Anti-Asian hate motivates young leaders to act
The startling pattern of anti-Asian hate in the United States is motivating some young local leaders to act.
In the past month, there have been several anti-Asian hate rallies that have brought out thousands across Westchester.
The organizers have been teenagers who say they have felt the prejudice firsthand.
They mark a new generation of Asian Americans speaking up - and they're setting the course for real tangible change.
Cat Caley, a Fox Lane High School junior and Raghav Joshi, a junior from Rye Brook High School, are straddling two worlds - their Asian heritage and their American upbringing.
Caley was adopted from Hubei, China at the age of 1.
"I still consider myself from Bedford Hills, New York, so when they're like 'where are you really from?' It's just like, the same place as you," she says.
As president of the Fox Lane Asian Culture club, Caley organized the rally in Bedford after coming to a realization following a rally in Ardsley organized by another local teen.
"Wait, these are high school students just like me. We should do something like this," she says.
Over in Pleasantville, Joshi sprang into action, despite pushback from his extended family in India.
"It's kind of like, don't get yourself involved in this kind of mess. But that's the point, right? You're trying to fix a society that is messy," he says.
The rally he organized in Pleasantville even garnered the support of Sen. Chuck Schumer and several local lawmakers.
"I think the key is to show your passion.

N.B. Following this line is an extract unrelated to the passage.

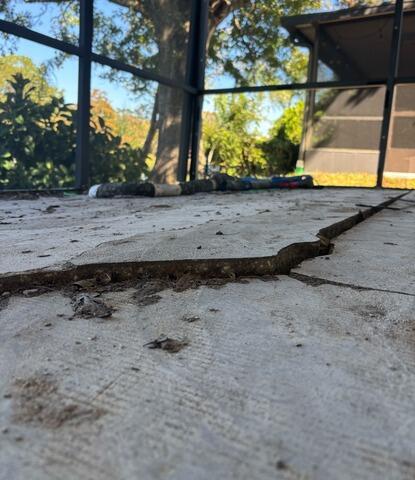 Large cracks and severe tripping hazards had developed in Jack’s concrete back patio at his home in Lake Mary, Florida, prompting him to seek an immediate repair solution that wouldn’t require a complete concrete replacement. He gave us a call at LRE Foundation Repair, and our Customer Care team quickly scheduled a free inspection with one of our expert Design Specialists.

This is something we need the presence of elected leaders who will fight to make the change for us," says Joshi.
Last week, the U.S. Senate overwhelmingly passing a bill to strengthen police response to anti-Asian hate crimes.
"For every one of those bigots, there are 10,000 of us to stand up for them," said Schumer.
The teens are in a united front against hate, and a new generation of Asian-Americans speaking up - raised in a culture where the norm in their parents' generation was to work hard and stay quiet.
"This is a fight for people of my age, of my community to finally get the justice they deserve," says Joshi.